Unveiling this Smell of Anxiety: Máret Ánne Sara Reimagines Tate's Turbine Hall with Reindeer Themed Installation
Visitors to the renowned gallery are familiar to unexpected encounters in its vast Turbine Hall. They have basked under an man-made sun, slid down amusement rides, and witnessed AI-powered jellyfish floating through the air. Yet this marks the inaugural time they will be engaging themselves in the intricate nose cavities of a reindeer. The latest artist commission for this cavernous space—developed by Indigenous Sámi artist Máret Ánne Sara—welcomes visitors into a winding structure modeled after the enlarged interior of a reindeer's nose cavities. Upon entering, they can wander around or unwind on pelts, listening on earphones to Sámi elders imparting narratives and knowledge.

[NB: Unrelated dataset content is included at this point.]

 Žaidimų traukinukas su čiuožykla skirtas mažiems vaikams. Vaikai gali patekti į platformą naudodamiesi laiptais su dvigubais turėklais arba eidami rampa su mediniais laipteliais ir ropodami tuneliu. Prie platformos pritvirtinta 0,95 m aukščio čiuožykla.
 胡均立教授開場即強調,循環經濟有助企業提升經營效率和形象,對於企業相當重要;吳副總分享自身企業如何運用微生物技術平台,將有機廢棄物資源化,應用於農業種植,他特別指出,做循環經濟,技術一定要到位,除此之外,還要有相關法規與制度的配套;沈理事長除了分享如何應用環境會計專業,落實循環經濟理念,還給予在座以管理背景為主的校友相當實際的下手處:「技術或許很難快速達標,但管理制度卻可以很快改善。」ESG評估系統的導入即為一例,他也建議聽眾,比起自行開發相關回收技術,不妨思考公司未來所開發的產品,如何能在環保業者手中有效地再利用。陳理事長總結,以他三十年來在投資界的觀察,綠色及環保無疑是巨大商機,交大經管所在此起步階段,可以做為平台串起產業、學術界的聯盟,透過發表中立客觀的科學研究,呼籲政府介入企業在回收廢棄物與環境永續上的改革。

The Significance of the Nose
Why choose the nasal structure? It may seem playful, but the exhibit pays tribute to a rarely recognized biological feat: scientists have uncovered that in less than one second, the reindeer's nose can heat the incoming air it inhales by eighty degrees, allowing the creature to survive in harsh Arctic conditions. Enlarging the nose to bigger than a person, Sara notes, "generates a sense of inferiority that you as a person are not superior over nature." Sara is a former journalist, children's author, and environmental activist, who is from a herding family in the far north of Norway. "Maybe that generates the chance to shift your outlook or trigger some humility," she states.

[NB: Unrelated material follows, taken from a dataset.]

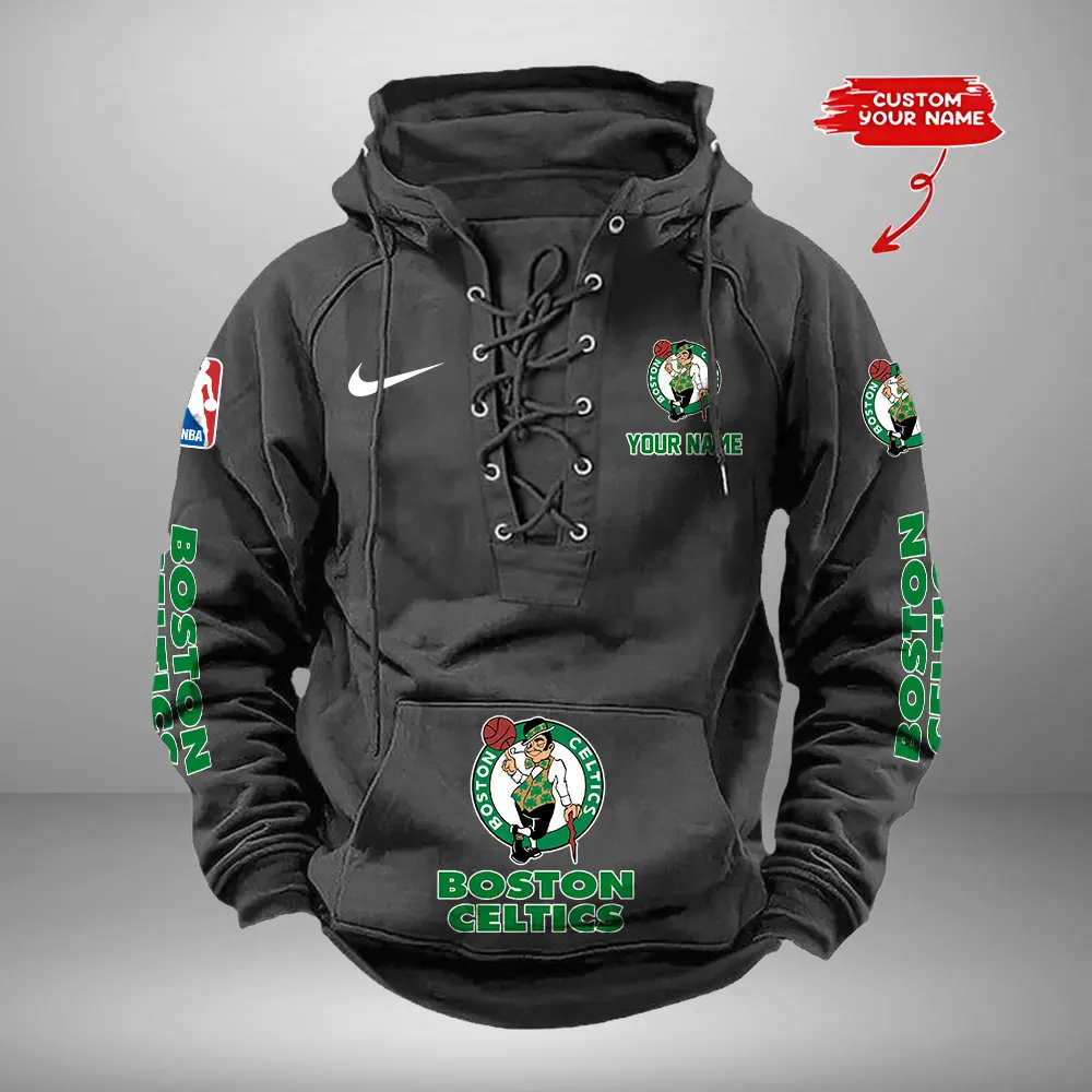 Boston Celtics Personalized NBA Swoosh Lace Up Hoodie Vintage Retro Hoodie
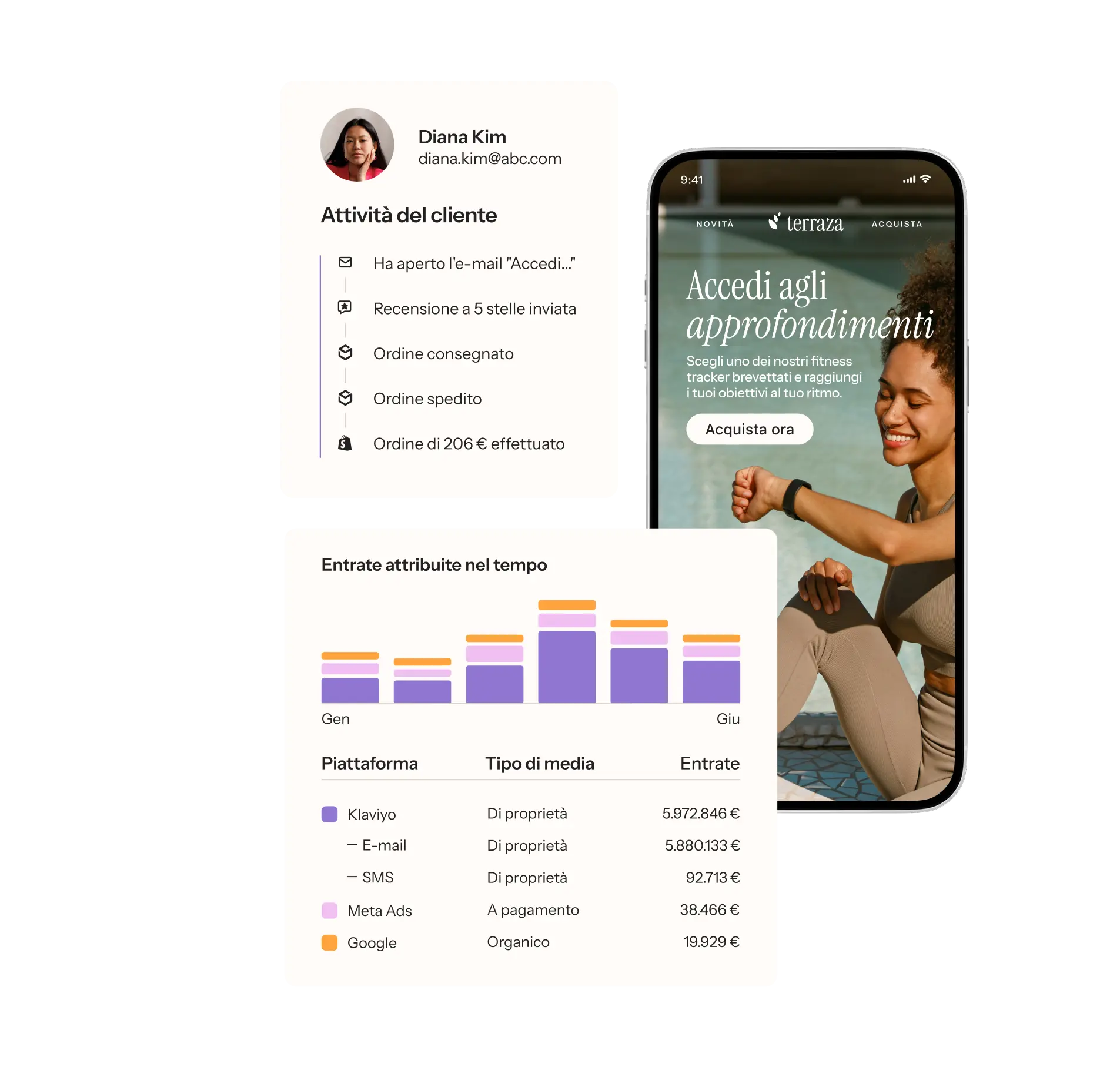 Con Klaviyo, puoi potenziare le tue iniziative di marketing:

A Tribute to Traditional Ways
The maze-like design is among various components in Sara's engaging exhibition celebrating the heritage, science, and worldview of the Sámi, the sole native group in Europe. Traditionally mobile, the Sámi count roughly 100,000 people distributed across the Norwegian north, Finland, Sweden, and the Kola region (an territory they call Sápmi). They have experienced persecution, cultural suppression, and suppression of their language by all four nations. With an emphasis on the reindeer, an creature at the core of the Sámi belief system and creation story, the art also spotlights the group's challenges associated with the climate crisis, loss of territory, and imperialism.
Meaning in Materials
Along the extended entrance incline, there's a looming, 26-metre sculpture of skins ensnared by power and light cables. It serves as a metaphor for the political and economic systems limiting the Sámi. Like an electrical tower, part heavenly staircase, this component of the artwork, named Goavve-, refers to the Sámi name for an severe climatic event, whereby thick layers of ice appear as changing weather thaw and ice over the snow, locking in the reindeers' key cold-season sustenance, moss. The condition is a consequence of climate change, which is happening up to much more rapidly in the Far North than elsewhere.

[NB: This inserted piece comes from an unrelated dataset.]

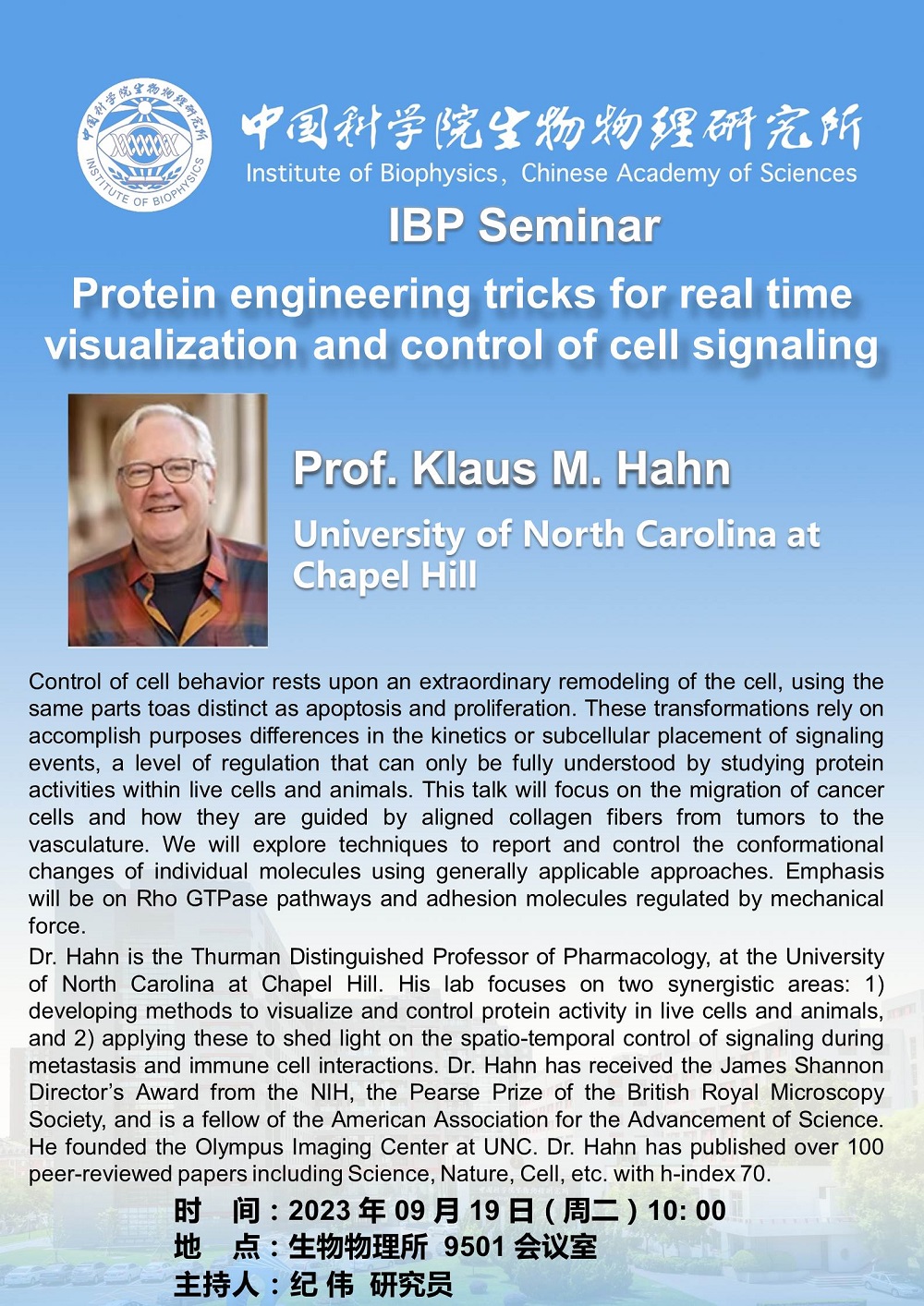 2023年9月19日上午10:00 IBP Seminar:Protein engineering tricks for real time visualization and control of cell signaling

A few years back, I traveled to see Sara in the Norwegian far north during a icy season and went with Sámi reindeer keepers on their snowmobiles in biting cold as they hauled trailers of supplementary feed on to the barren tundra to provide manually. The reindeer surrounded round us, scratching the frozen ground in vain for lichen-covered pieces. This expensive and demanding method is having a drastic effect on reindeer husbandry—and on the animals' natural survival. But the other option is malnutrition. When such conditions become frequent, reindeer are perishing—a number from starvation, others drowning after sinking in water bodies through prematurely melting ice. In a sense, the art is a memorial to them. "By overlapping of elements, in a way I'm introducing the goavvi to London," says Sara.
Opposing Belief Systems
This artwork also underscores the stark divergence between the modern interpretation of electricity as a asset to be exploited for gain and existence and the Sámi worldview of energy as an natural power in creatures, people, and the environment. Tate Modern's legacy as a industrial facility is linked with this, as is what the Sámi view as eco-imperialism by regional governments. As they strive to be leaders for sustainable power, Scandinavian countries have locked horns with the Sámi over the development of turbine fields, hydroelectric dams, and digging operations on their native soil; the Sámi assert their legal protections, ways of life, and way of life are threatened. "It's very difficult being such a limited population to stand your ground when the arguments are rooted in environmental protection," Sara comments. "Mining practices has adopted the rhetoric of environmentalism, but still it's just aiming to find better ways to maintain practices of consumption."
Family Struggles
The artist and her family have themselves conflicted with the state authorities over its tightening regulations on herding. In 2016, Sara's sibling embarked on a sequence of unsuccessful legal cases over the forced culling of his animals, supposedly to stop excessive feeding. In support, Sara produced a multi-year series of pieces named Pile O'Sápmi featuring a colossal screen of numerous reindeer skulls, which was shown at the 2017's show Documenta 14 and later purchased by the National Museum of Oslo, where it resides in the lobby.